Руди подбежал к реке. На воде дробились и колыхались лучи заходящего солнца. Заметно вечерело. Вот уже на небе выступили крупные звезды. Слева Руди увидел склонившуюся над водой ту самую дряблую вербу и… ее человеческую ипостась — старую-престарую сгорбившуюся старушку. Она вглядывалась в сторону тополиной рощи и ворчала:

— Огонь палит… Тьфу, старый дуралей.

— Шпионит за мной, старая карга, — нахмурился дед, когда Руди, вернувшись, рассказал о старушке. — Шпионит, а потом доносит своему этому… яхтсмену.

Дед поставил на камни над огнем котелок, насыпал заварку — какие-то зерна и травы. Пока закипала вода, он рассказывал о своей молодости:

— Уже тогда я пристрастился к чайку. Но еще слаще вечерние лучи. Видишь, как они, уходя, играют, скачут по вершинкам тополей — алые, розовые, золотые. А я ловлю их своими губами-листьями, пью. О, какая радость — пить вечерние лучи!

— Да ты отчаянный жизнелюб, — рассмеялся Руди. — Ну а детство свое помнишь? Самое раннее?

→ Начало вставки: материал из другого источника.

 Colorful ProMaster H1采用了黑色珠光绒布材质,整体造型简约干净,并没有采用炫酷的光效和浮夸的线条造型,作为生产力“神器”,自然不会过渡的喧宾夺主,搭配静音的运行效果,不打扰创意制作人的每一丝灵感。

— Смутно очень. Помню, что я рос, корнями ощущал приятную влагу, ветвями — тепло, а листьями видел мир — вот эту реку, поля, солнечный свет и, Наконец, ночные звезды. Я видел Вселенную! И начал размышлять о ней, о тайне всего сущего, своими корнями чувствовал токи, идущие снизу, из прошлого. Вместе с ними приходили как будто новые знания, и я умнел, взрослел. И однажды осознал себя личностью, живущей во времени.

— Странно, что у дерева сформировалась именно человеческая личность, а не какая-либо другая.

— А я до тополиной жизни был человеком.

— То есть как это? Таким же обыкновенным человеком, как я?

— Ну конечно. И не однажды. Правда, все свои далекие людские жизни не помню. А вот последнюю иногда припоминаю. Кажется, я был профессором Сор-боннского университета.

— Ну, дед, это уже сказки.

— Вот что, милый юноша. Сейчас приступим к самому для тебя страшному, — хохотнул дед. — Страшному потому, что ты закоренелый материалист. Я ведь тоже материалист, но не такой, как ты. Как бы это сказать…

— Не такой примитивный? — усмехнулся Руди.

— Откровенно говоря, да. Сейчас услышишь вещи до того для тебя оглушительные, что брякнешься в обморок или завопишь: «Караул! Мистика!»

— Ничего, дедушка. Валяй. Я уже ко многому привык.

— А чайку! — спохватился дед и, вскочив на ноги, забегал, засуетился. — Ах я, ротозей! Забыл!

Руди и не заметил, как наступила ночь. Листья тополей серебрились под ливнем лунных лучей, а на стволах плясали розовые отсветы угасающего костра. Дед, все еще поругивая себя, сел и подал Руди кружку, сделанную как будто из древесной коры. Дед понюхал чай, отпил два глотка и сказал:

— Чай неважнецкий, но пить можно.

Дед явно скромничал. Чай получился у него отменный — сладкий, пахнущий шалфейными и медовыми ароматами полей. Дед пил и жмурился — не то от удовольствия, не то его просто клонило ко сну. «Устал он», — подумал Руди и начал поторапливать.

— Итак, ты был раньше профессором. Но не в виде же дерева?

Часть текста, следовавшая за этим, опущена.